Graham Harrison on Engaging with Lloyd-Jones: Round Two


Here Harrison gets to grips with "1966 And All That". A taster:
[Jim] Packer was to complain that Lloyd-Jones’ 1966 call was a ‘campaign of words without plans.’ (p.272). This position was elaborated years later by Carl Trueman who complained that Lloyd-Jones’ vague alternative to Anglicanism was ‘a non-ecclesiastical, non-confessional disaster.’ (p.272). Presumably he means that the Doctor had not produced a Presbyterian blueprint on which the forthcoming seceders could structure their theology. This is interesting as it betrays either an ignorance or, more likely, a rejection of Lloyd-Jones’ often argued distinction between the primaries and secondaries in the pecking order of evangelical doctrinal priorities. It is well known that into the latter category he was willing to place matters of church government, Independency, Presbyterianism and even Episcopacy. Important as they were they simply did not compare with the fundamental issues that were and still are at stake in a situation which calls into question the very nature of the gospel.

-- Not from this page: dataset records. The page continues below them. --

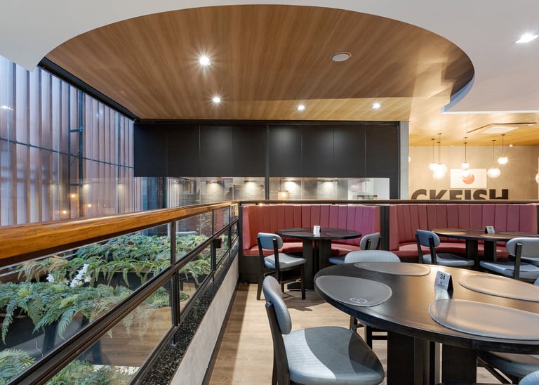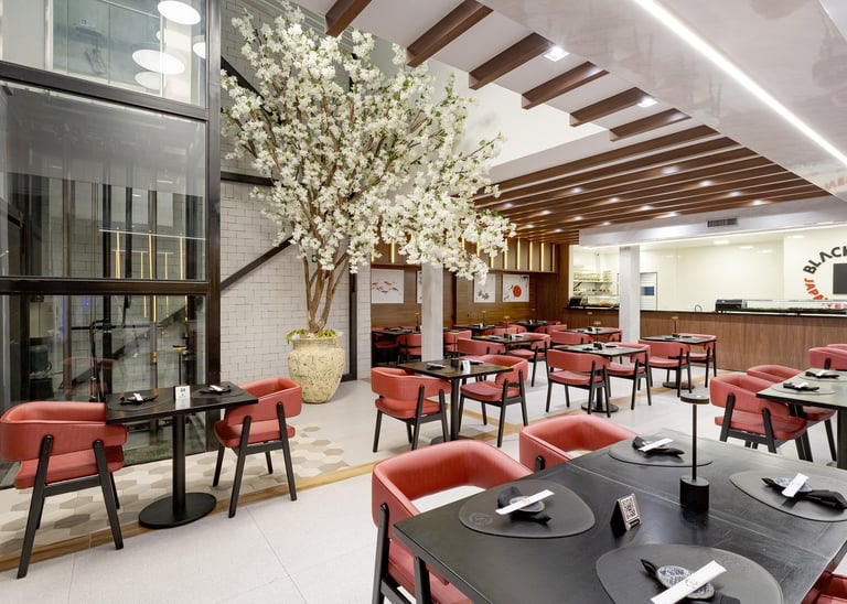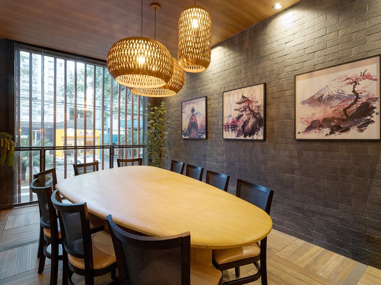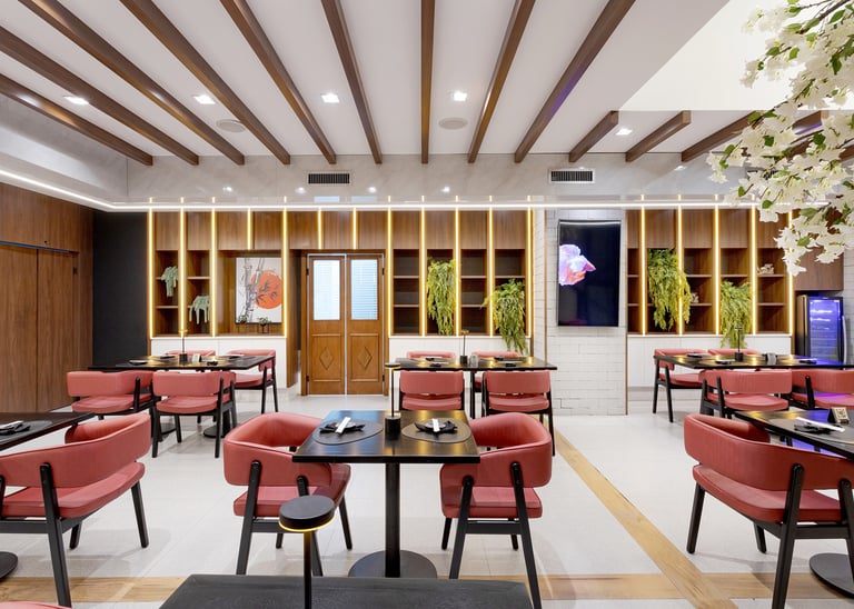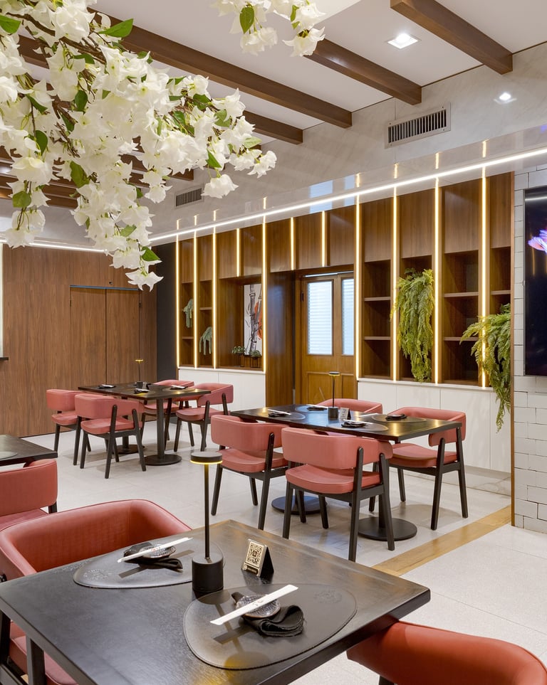 Este projeto comercial foi concebido para traduzir a identidade da gastronomia japonesa de forma contemporânea, sofisticada e altamente sensorial. A arquitetura combina referências orientais com uma linguagem atual, criando uma experiência imersiva que vai além da refeição.
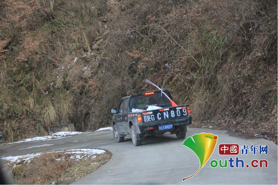 为节约行程,爱心车队翻越蜿蜒崎岖的“二娅子”山路回家,笔者在途中还看到车队下山时经过冰雪未消的弯道的情形。返回途中,车队在一户破烂瓦房门前停了下来,一个满脸污垢的小孩正在门前玩耍,见到陌生人,孩子赶紧往屋里躲,没想到在门上被自己的爷爷拦住了,志愿者向爷爷询问了孩子的家庭的情况并把大家最后的几包干粮送了上去。
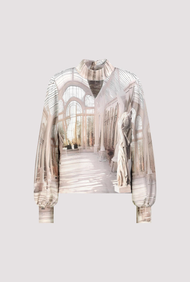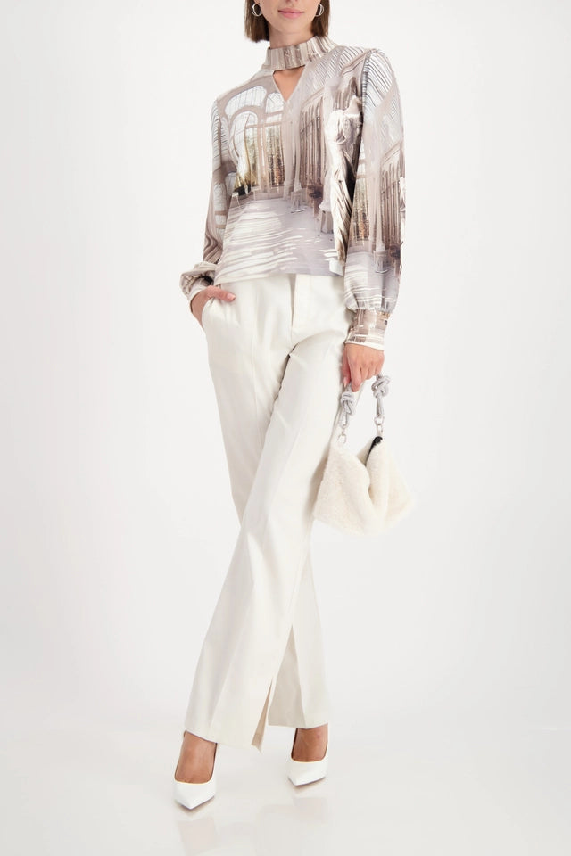 Jersey con estampado de galería de la colección MONARI. La prenda realizada en material elástico con modal tiene un tacto suave, corte regular, cuello alto con abertura, mangas largas con puño, bajo recto y cremallera invisible en centro de espalda. Colección de MONARI en diheratelier.com
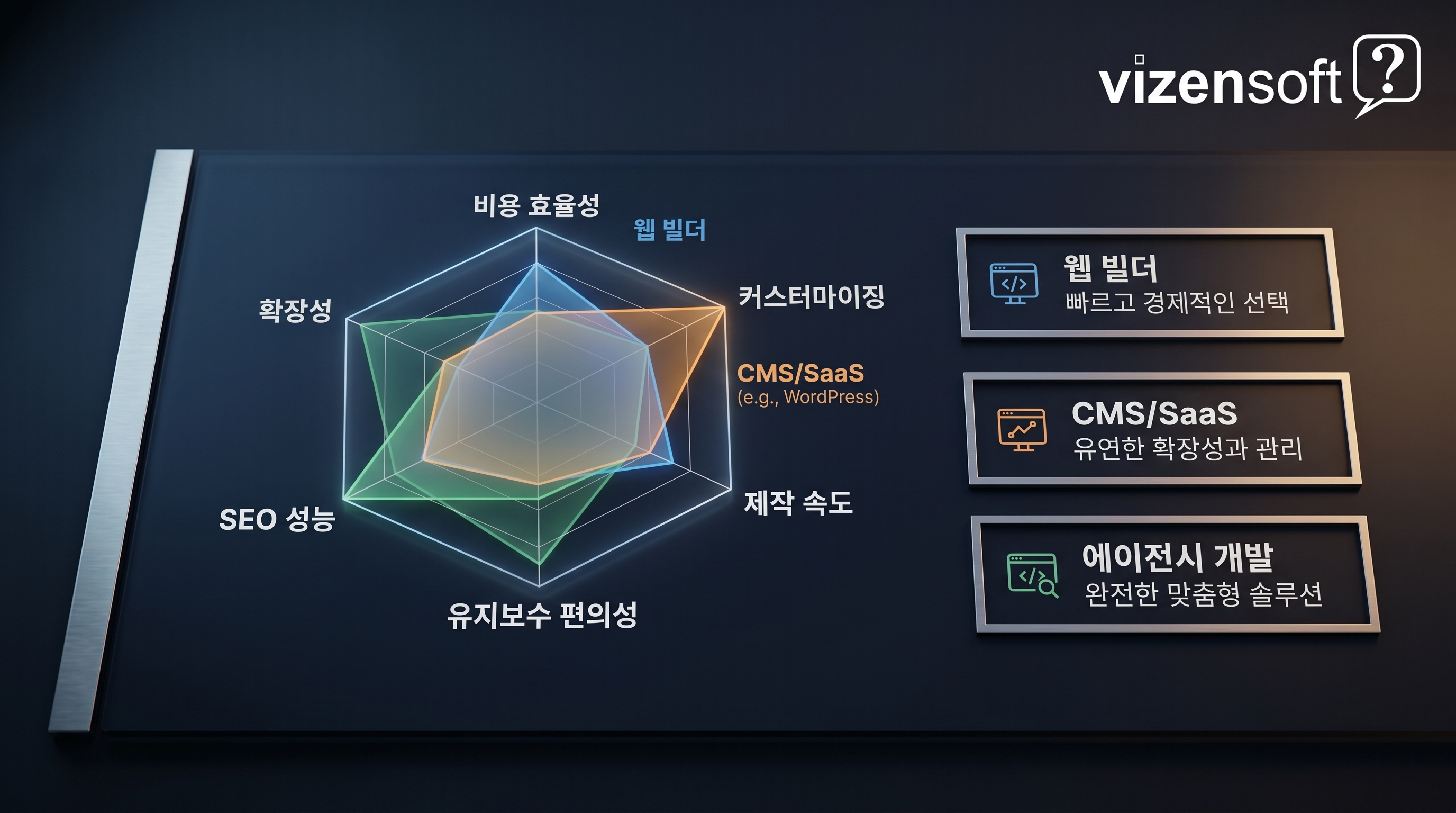 반대로 연간 매출 10억 원 이하의 소규모 기업, 스타트업 초기 단계, 기술 인력 채용이 어려운 지방 소재 기업에는 자체제작이 오히려 독이 될 수 있습니다. 핵심 사업에 집중해야 할 자원이 웹 개발·운영에 분산되기 때문입니다.
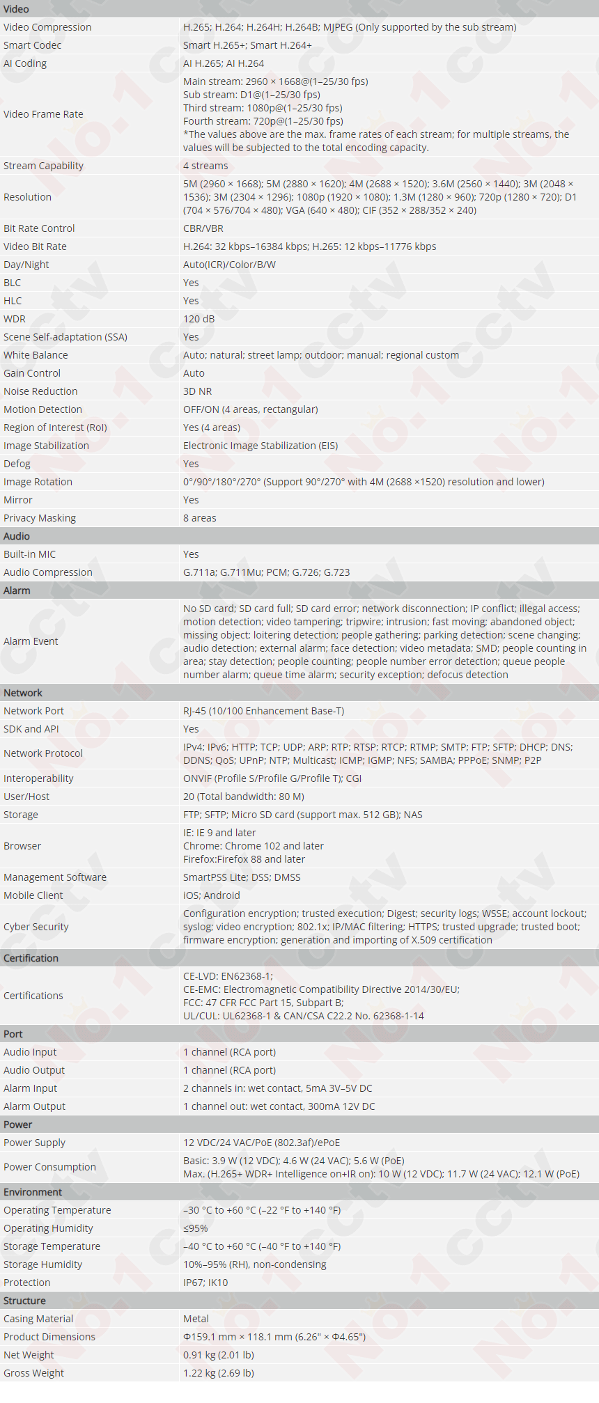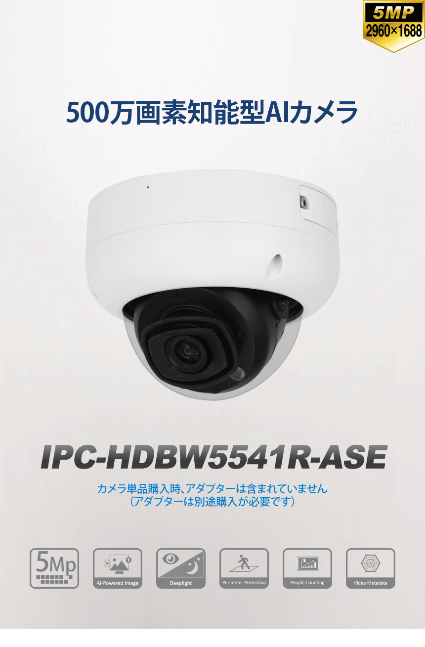 [DAHUA][IP-5M] AI 防犯用カラーカメラ/IPC-HDBW5541R-ASE/逆光,露出,ハイライト補正/夜間50M/ePOE/SD可能/防水/Smart H.265+/マイク内蔵/徘徊監視/侵入監視
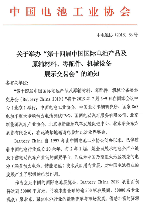 “第十四屆中國(guó)國(guó)際電池產(chǎn)品及原輔材料、零配件、機(jī)械設(shè)備展示交易會(huì)(Battery China 2019)”將于2019年7月6-9日在國(guó)家會(huì)議中心(北京)舉行,中國(guó)電池工業(yè)協(xié)會(huì)、中國(guó)北方車輛研究所、國(guó)家863電動(dòng)車重大專項(xiàng)動(dòng)力電池測(cè)試中心、國(guó)網(wǎng)電動(dòng)汽車服務(wù)有限公司、北京新能源汽車產(chǎn)業(yè)協(xié)會(huì)、北京市新能源汽車發(fā)展促進(jìn)中心、北京華興東方展覽有限公司,在此誠(chéng)摯地邀請(qǐng)您參加此次業(yè)界盛會(huì)。
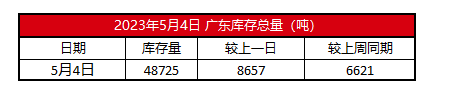 2023年5月4日广东电解铜库存【SMM数据】

I think Harrison hits the nail on the head. Simply because Lloyd-Jones did not propose the post-succession restructuring of Evangelicalism along Episcopal or Presbyterian lines does not mean that he he had no concern for ecclesiology. On the contrary, what he wanted was a union of Evangelical churches, although those churches might have had differing patterns of church government.